JNCOs were n’t grownup jeans ; they were denim for teens who wanted to rebel against adults . And there were more rebels than ever . In the1990s , 31 million stripling were going denounce an norm of 54 times a year and buy eight to 12 pairs of jeans annually . It was a serious time to get into the teen - aim denim game .
The secret was in the wide branch . Typical jeans have a manacle about 16 column inch in circumference with pockets 6 inches mystifying . While the most popular JNCO manner was 23 inch , the troupe offered versions exceeding 40 inches . At one point , you could corrupt a 69 - inch opening , which was more like take two wench attach to your knees . Some pocket were 17 inches abstruse . A JNCO wooden leg was so wide and hang so low to the flat coat that the cuffs could altogether isolated shoes and hitch put away chewing gum on the pavement .

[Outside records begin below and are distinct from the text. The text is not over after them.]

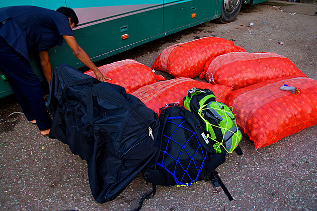 Pak se konečně začne něco dít. Řidič začne nakládat zavazadla. Prosím ho, aby tašku s kolem dal někam na vrch, protože vidím několik pytlů snad s tunou cibule a brambor. Řidič kýve, že jasně, chápe. Radši mu ještě jednou ukazuju vnitřek tašky, že to je sice těžké, ale křehké. Zase kýve. Tak fajn. Ještě dostanu tři lístečky s číslem, abych si v cílové stanici vyzvedla svoje věci a jsme vyzváni, abychom si nastoupili na svá místa, takže mi kolo zmizí z dohledu. Tak snad dojede.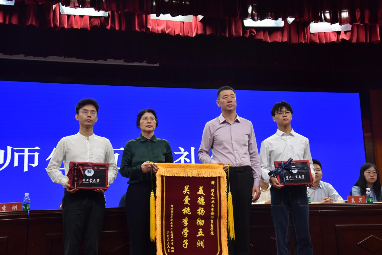 副院长朱坤林宣读了《关于经济贸易学院2023届优秀毕业生表彰的决定》。副院长李文启宣读了《关于经济贸易学院2023届毕业硕士研究生考取博士研究生的表彰决定》和《关于经济贸易学院2023届校友联络员的聘任决定》。随后,学院领导为受表彰学生颁奖,为校友联络员颁发聘书,并合影留念。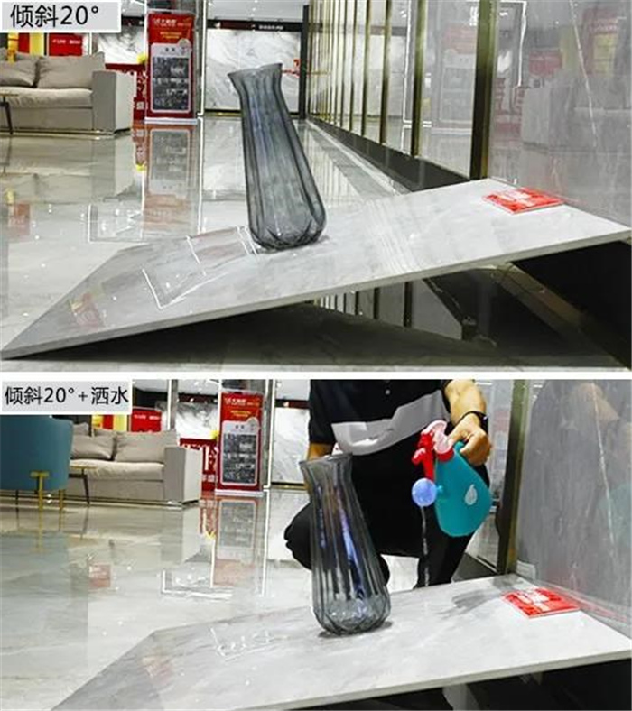 在防滑测试中,评测人员将瓷砖的砖面倾斜度调整至20°左右,在上面放上花瓶。在光洁的瓷砖上,花瓶并无滑落迹象;接着,现场测评人员,在瓷砖的表面洒上水,模仿家里地面有水的情况出现,但瓷砖表面的花瓶始终不动。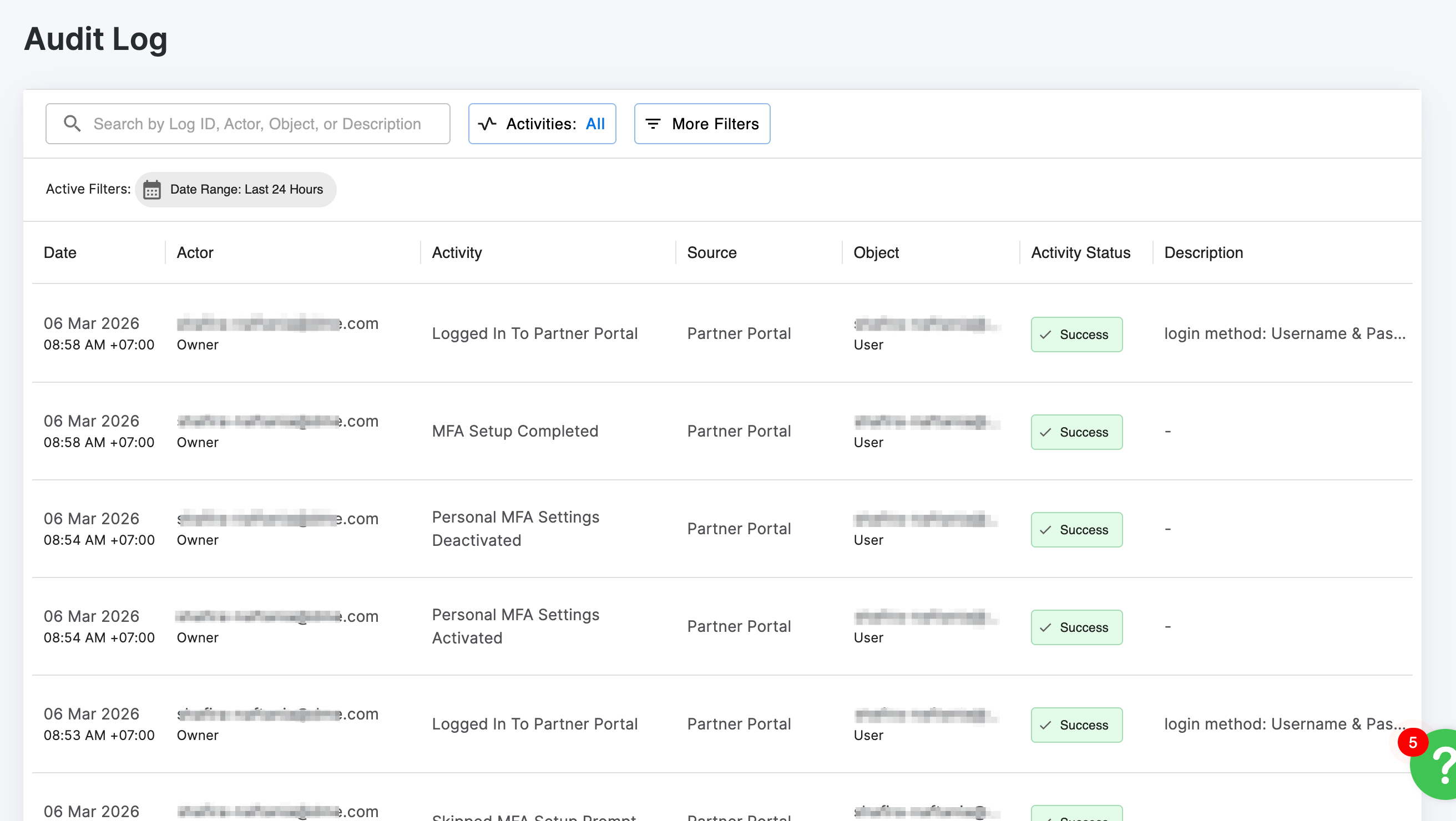 Partner Portal Audit Log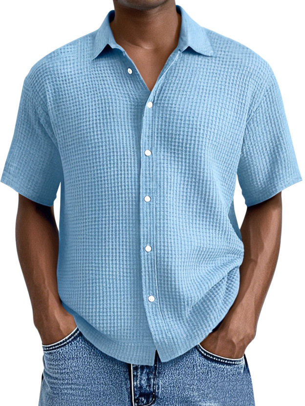 Herren Alltags Locker Waffelstruktur Revers Knopf-down Kurzarmhemd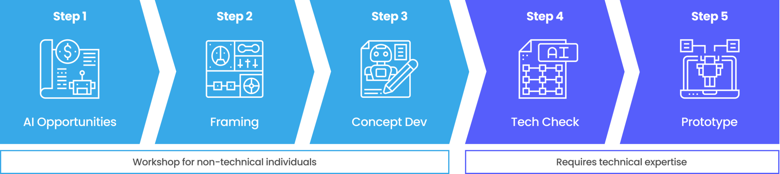 Utilize our repeatable methods to transform innovative AI concepts into practical and impactful solutions.
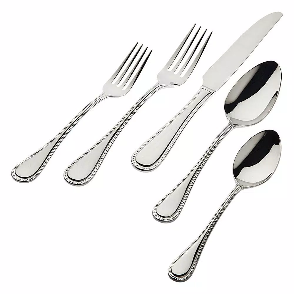 - 77-piece flatware set includes 12 of the following dinner forks, salad forks, dinner knives, dinner spoons, teaspoons, steak knives and one of each hostess, serving spoon, serving fork, butter spreader, sugar spreader, and one sugar spoon

Many teens bought JNCOs to get a taste of insurrection , but that was n’t their only appeal : child compared them to shorts , suppose the lack of a tight ankle cuff made them feelmore comfortable . In a 1998 survey conducted by Teenage Research Unlimited , teen named JNCOs the 12th cool brand , behind companies likeNikeand Tommy Hilfiger but ahead of Calvin Klein andMountain Dew .
In 1995 , sales of JNCO blue jean were report to be around $ 36 million . By 1998 , the company ’s sales were $ 186.9 million . At one distributor point , JNCOs were responsible for for 10 percent of all sales at Pacific Sunwear . But the edges were beginning to frazzle .
Dirty Laundry
Like any adolescent tendency , adult were n’t unhinged about JNCOs . In fact , they tried toban them . At least , some school did .
The wide - legged denim acquaint a hazard to scholar , who might trip over their own garb . The cuffs were also prone to being worn down , which some module found less than attractive to the eye . Some administrators in Orange County even consider students could hide weapons in the cuffs , though there were never any documented case of kids stowing contraband in their JNCOs .
Kids violating frock computer code were generally asked to change into a gym uniform or call their parents and have them bring a change of dress . One student , talk toThe Los Angeles Times , claimed he had a booster who was force to hit their rave pants and put on pants so tight that he “ could n’t kick a football . ”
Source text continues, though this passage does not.